Oireachtas Joint and Select Committees

Wednesday, 11 June 2025

Joint Oireachtas Committee on Agriculture and Food

Impacts of the Veterinary Medicinal Products, Medicated Feed and Fertilisers Regulation Act 2023: Discussion

2:00 am

Mr. Conor Geraghty:

I will answer that question. The prescribing of dry cow tubes by co-operatives was under a provision called Schedule 8, which was introduced in 2007. That Schedule was a last-minute intervention by the Minister at the time to allow co-operative vets to prescribe tubes that, if prescribed in the same manner by an ordinary vet, would be prosecutable. It was very anti-competitive against the ordinary practising vet. With the new regulation, there was a ban on prophylactic use. For years, dry cow tubes were prescribed and advised by all the people in the know for use in blanket dry cow therapy on all cows to reduce their cell counts. That was what we were told when we were in college and it was only later, with the ability to do individual SEC counts, milk recordings, etc., that we could get away with treating animals with an active infection. Since 2021, there has been an obligation. Rather than just writing a prescription for a herd like we once did, we have to identify each cow that requires an antibiotic and not prescribe for the ones that do not require one. That is a big change that requires a lot of veterinary input.

Animal Health Ireland, AHI, has come forward with a dry cow consult to aid farmers in this regard.
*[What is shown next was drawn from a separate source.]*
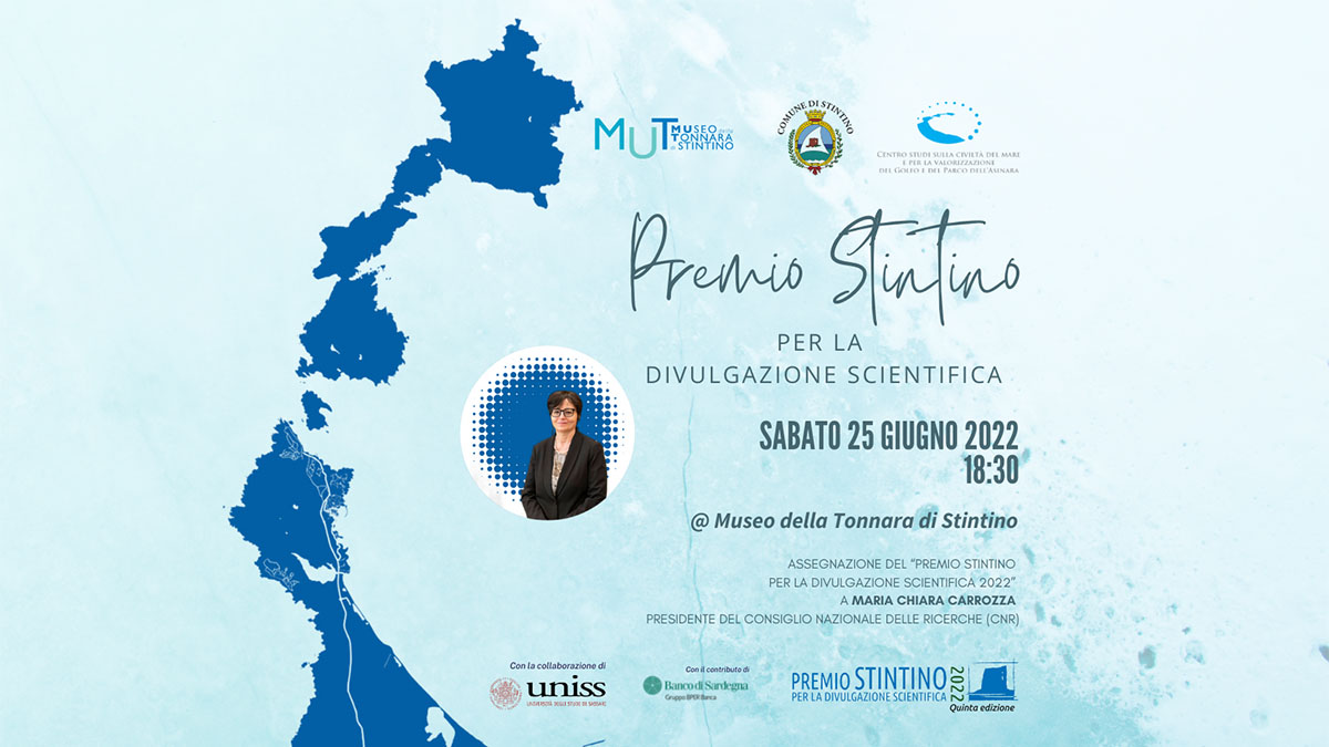 Il 25 giugno alle 18:30 il MuT – Museo della Tonnara di Stintino ospiterà la quinta edizione del “Premio Stintino per la divulgazione scientifica”, che quest’anno sarà assegnato dal Comitato scientifico, presieduto da Piero Cappuccinelli, professore emerito dell’Università di Sassari e Accademico dei Lincei, a Maria Chiara Carrozza, prima donna eletta alla carica di presidente del Consiglio Nazionale delle Ricerche (CNR).
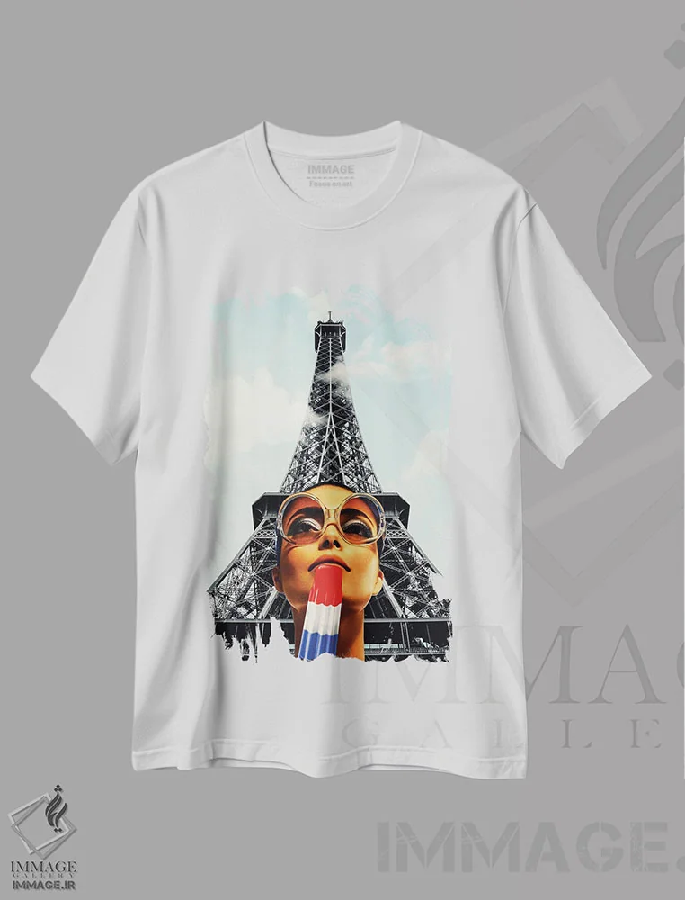 تیشرت سفید طرح دار تابستان در پاریس، مدیوم اثر کیکی سی لندن | فروشگاه ایماژ تیشرت طرح دار تابستان در پاریس اثر کیکی سی لندن

The vet will be paid to go onto a farm and go through those data. By extension, what we have seen is that vets are on farms for two or two and a half hours doing these dry cow consults. They are prescribing the tubes that are required, usually for a percentage of the herd. Those prescriptions may then be filled by the vet or the merchants. The merchants did not lose their share. The co-operatives did not have the number of vets needed to provide the service we are talking about. They were just signing prescriptions and selling stuff over the counter. That is from a bygone time.

It did not surprise us that, when Schedule 8 ended, this situation ended. At the same time, though, there has been a reduction in the number of tubes being prescribed. Farmers are better off because they have bought fewer tubes.